Reference: Cannabidiol CBD therapy for Schizophrenia, Cannabidiol monotherapy for treatment-resistant schizophrenia
Cannabidiol (CBD), one of the major products of the marijuana plant, is devoid of marijuana’s typical psychological effects. In contrast, potential antipsychotic efficacy has been suggested based on preclinical and clinical data (Zuardi et al., 2002). In this report, we further investigated the efficacy and safety of CBD monotherapy in three patients with treatmentresistant schizophrenia (TRS). This was an in-patient study. All patients were given placebo for the initial 5 days, and from the 6th to 35th day (inclusive) they received CBD (initial oral dose of 40 mg reaching 1280mg/day). On the 36th day, CBD treatment was discontinued and replaced by placebo for 5 days, which was subsequently switched to olanzapine for over 15 days. Efficacy, tolerability and side effects were assessed. One patient showed mild improvement, but two patients didn’t show any improvement during CBD monotherapy. All patients tolerated CBD very well and no side effects were reported. These preliminary data suggest that CBD monotherapy may not be effective for TRS.

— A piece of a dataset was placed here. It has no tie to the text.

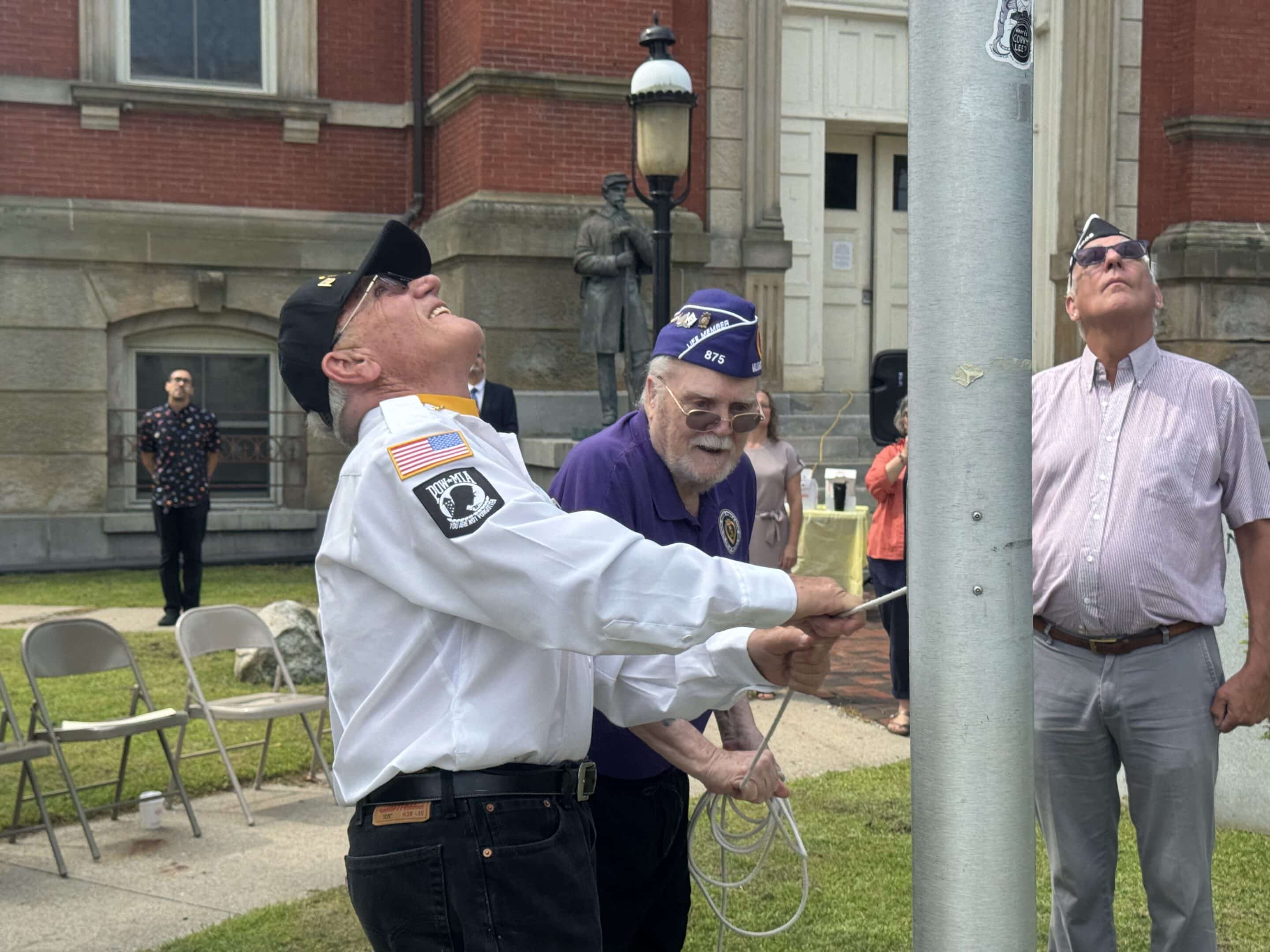 Local Purple Heart recipients James Bouchard (left) and Charles Coleman (right) were honored for their service and participated in the raising of the Purple Heart flag outside of Memorial Hall.

Considering the safe profile of CBD administration in humans and laboratory animals, we previously tested CBD in a case study with a 19-year-old schizophrenic female patient who presented serious side effects after treatment with conventional antipsychotics. After a few days of rapidly escalating doses of CBD dissolved in oil, this patient received 1200mg/day of CBD, for 4 weeks. After this period, CBD administration was interrupted and placebo was administered for 4 days.